In fact there were 14 in early new High German, 4 in early new Low German, and 4 in early modern Netherlandish, for a total of 22 Germanic editions by 1518. (As the author stated earlier, these 22 bibles were full translations)
In the later fifteenth and early sixteenth centuries,
Biblical material was widespread, popular and well known among literate townspeople, clerics and nobles alike, especially in the Empire…

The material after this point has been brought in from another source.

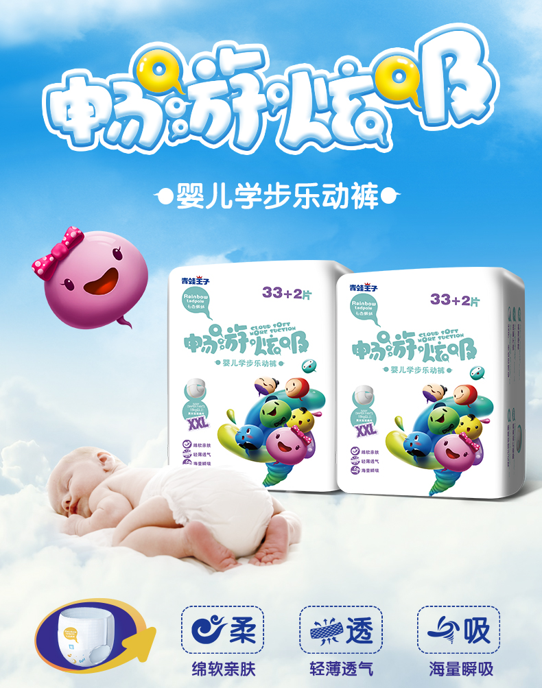 屯年货啦!贾乃亮代言【青蛙王子七色蝌蚪品牌】【下单备注尺码】可爱宝贝超薄拉拉裤尿不湿纸尿裤,柔软透气,轻薄舒适,瞬吸大容量,不过敏不红屁股。【正品保证】
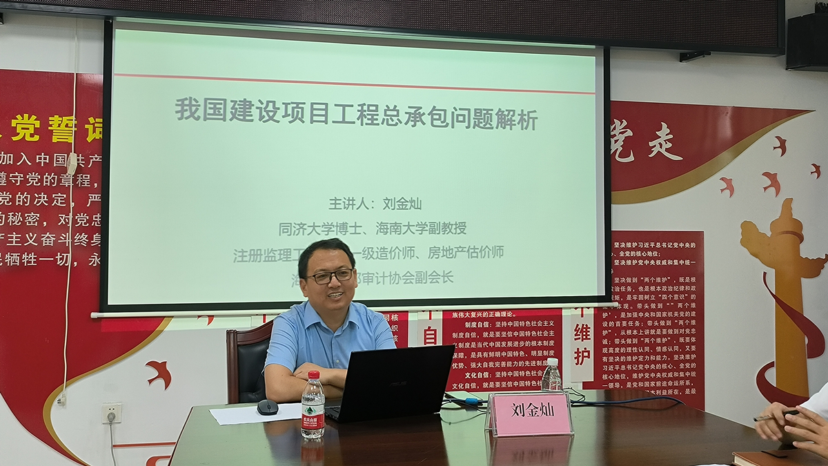2022年6月9日,学院工程管理系副教授刘金灿老师受邀前往保亭县审计局、住建局,分别作业务能力提升讲座,助力政府部门干部能力提升建设。这是买球官方网站与保亭县政府签署政校合作框架协议及买球官方网站与保亭县审计局、住建局订立合作协议之后举行的系列活动之一。

Because they were under the direction of a warden or house confessor, nuns had relatively good access to vernacular translations. A fifteenth-century Netherlandish manuscript specified that the sister who was in charge of the books was to see that if anything in the book appeared to be false, it should be brought before the rector of the house for him to examine, before it is allowed to be commonly used by the sisters. (…) Great care is to be taken not to lend books to outsiders without the permission of the rector. (…) Uncommon books are not to be read at meals until the rector has first seen that their contents are good and profitable. (…) Books are not to be lent to ignorant people.42Although great care was enjoined on the sister in charge to see that such vernacular books did not fall into the ‘wrong’ hands, such an admonishment documents** both the relatively mild attitude of the church regarding such books and the interest of the unlearned laity in them (the learned laity also had good access to vernacular books, including Bibles). In those important female houses whose library catalogues have survived, we notice the existence not merely of many vernacular works of Biblical piety and devotion, but also of vernacular Bibles…
Earlier generations of German scholars unravelled Luther’s polemic about the inaccessibility of the Bible.49*Rost notes that eighteenth-century scholars were often surprised to discover that German Bibles had been circulating in large numbers well before Luther’s translation,** so steeped were they in the story of Biblical inaccessibility started by Luther himself…
In 1883, Wilhelm Krafft entered the lists with a short piece (published as a monograph) **arguing that the large number of editions of the German Bible before Luther proves that it was not merely kept in the libraries of princes and religious houses or schools, but that it was read “in accordance with the repeated urgings of the editors and other Christian writers by educated lay-people”. **For example, he cites the editor of the 1480 Cologne Bible, who wrote in his preface that all
‘good hearts’, clerics and lay-people, who see and read this Bible should unite themselves with God and ask the Holy Spirit, master of this text, to help them to understand this translation according to His will and for the salvation of their soul. Other editors of German Bibles and writers of the later fifteenth century also recommended that their readers read for themselves in the Bible.